Most attempts to bring gravity into the picture have been based on  
string theory, which proposes that particles are ultimately composed  
of minuscule strings. Lisi has never been a fan of string theory and  
says that it's because of pressure to step into line that he abandoned  
academia after his PhD. "I've never been much of a follower, so I  
walked off to search for my own theory," he says. Last year, he won a  
research grant from the charitably funded Foundational Questions  
Institute to pursue his ideas.

He had been tinkering with "weird" equations for years and getting  
nowhere, but six months ago he stumbled on a research paper analysing  
E8 - a complex, eight-dimensional mathematical pattern with 248  
points. He noticed that some of the equations describing its structure  
matched his own. "The moment this happened my brain exploded with the  
implications and the beauty of the thing," says Lisi. "I thought:  
'Holy crap, that's it!'"

What Lisi had realised was that if he could find a way to place the  
various elementary particles and forces on E8's 248 points, it might  
explain, for example, how the forces make particles decay, as seen in  
particle accelerators.

Lisi is not the first person to associate particles with the points of  
symmetric patterns. In the 1950s, Murray Gell-Mann and colleagues  
correctly predicted the existence of the "omega-minus" particle after  
mapping known particles onto the points of a symmetrical mathematical  
structure called SU(3). This exposed a blank slot, where the new  
particle fitted.

Before tackling the daunting E8, Lisi examined a smaller cousin, a  
hexagonal pattern called G2, to see if it would explain how the strong  
nuclear force works. According to the standard model, forces are  
carried by particles: for example, the strong force is carried by  
gluons. Every quark has a quantum property called its "colour charge"  
- red, green or blue - which denotes how the quarks are affected by  
gluons. Lisi labelled points on G2 with quarks and anti-quarks of each  
colour, and with various gluons, and found that he could reproduce the  
way that quarks are known to change colour when they interact with  
gluons, using nothing more than high-school geometry (see Graphic).

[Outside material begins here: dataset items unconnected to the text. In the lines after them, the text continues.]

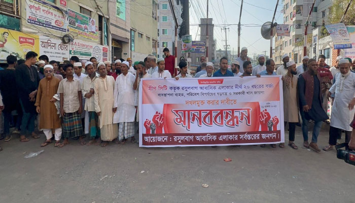 চট্টগ্রাম নগরের রসূলবাগ আবাসিক এলাকার দুই দশকের বর্জ্য ব্যবস্থাপনা ব্যাহত হওয়া, পরিবেশ বিপর্যয়ের আশঙ্কা এবং সরকারি খাসজমি দখলমুক্ত করার দাবিতে রসূলবাগে অনুষ্ঠিত হলো এক শান্তিপূর্ণ মানববন্ধন।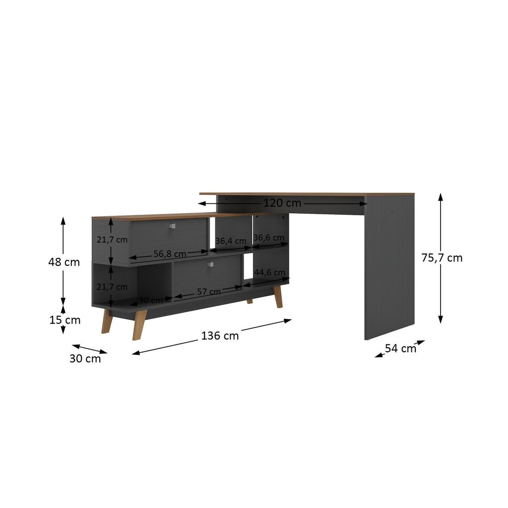 Mesa Escrivaninha em L 120x136cm Retrô 2 Portas Pés Madeira Maciça Nogal/Grafite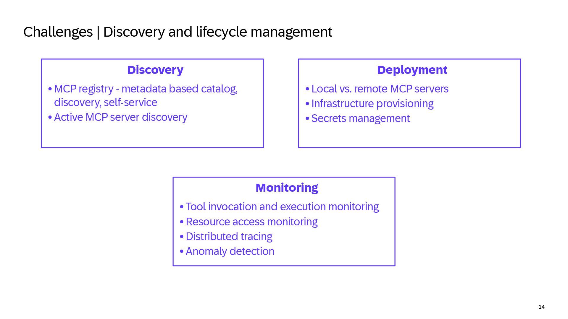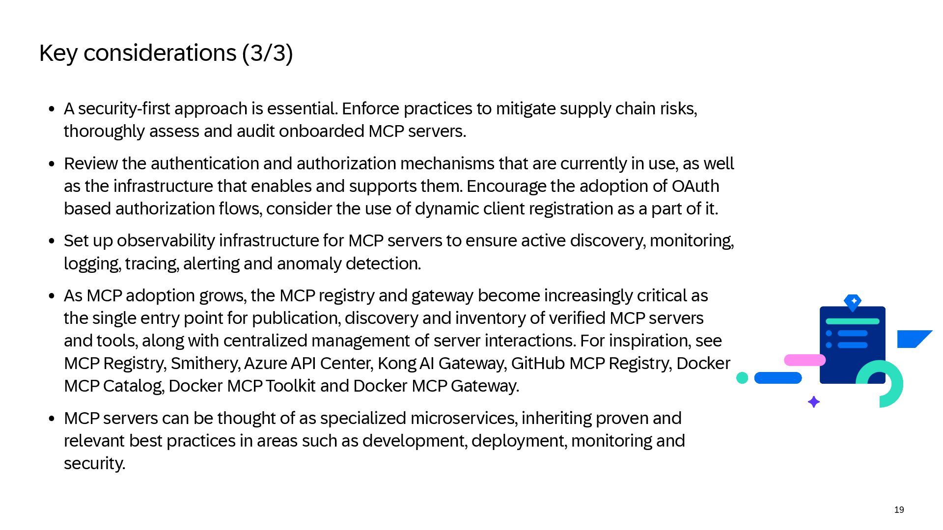 mitigate supply chain risks, thoroughly assess and audit onboarded MCP servers. • Review the authentication and authorization mechanisms that are currently in use, as well as the infrastructure that enables and supports them. Encourage the adoption of OAuth based authorization flows, consider the use of dynamic client registration as a part of it. • Set up observability infrastructure for MCP servers to ensure active discovery, monitoring, logging, tracing, alerting and anomaly detection. • As MCP adoption grows, the MCP registry and gateway become increasingly critical as the single entry point for publication, discovery and inventory of verified MCP servers and tools, along with centralized management of server interactions. For inspiration, see MCP Registry, Smithery, Azure API Center, Kong AI Gateway, GitHub MCP Registry, Docker MCP Catalog, Docker MCP Toolkit and Docker MCP Gateway. • MCP servers can be thought of as specialized microservices, inheriting proven and relevant best practices in areas such as development, deployment, monitoring and security. Key considerations (3/3)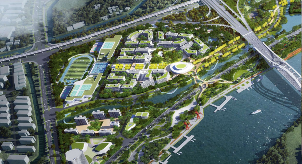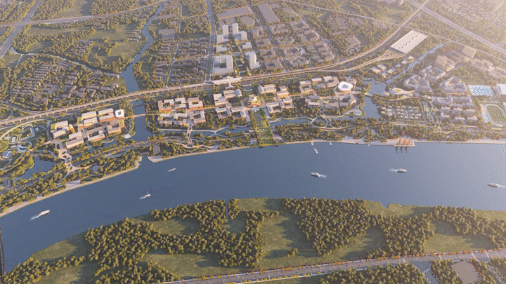 依江而建的校园,在中轴对称的基础上做到了新的突破,以甬江为纽带自然构建城市新的滨江区,以曲线链接天然与未来相融合的校园,借此提升学生体验,强化学生、校园与当地母亲河甬江之间的联系。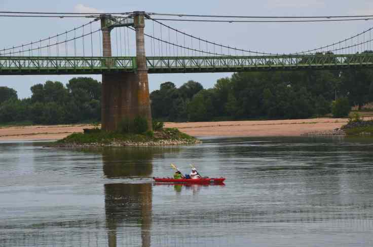 Un kayak griffe le reflet du pont à Ingrandes – Le Fresne-sur-Loire.

Turning to the geometry of the next simplest pattern in the family,  
Lisi found he was able to explain the interactions between neutrinos  
and electrons by using the star-like F4. The standard model already  
successfully describes the electroweak force, uniting the  
electromagnetic and the weak forces. Lisi added gravity into the mix  
by including two force-carrying particles called "e-phi" and "omega",  
to the F4 diagram - creating a "gravi-electroweak" force.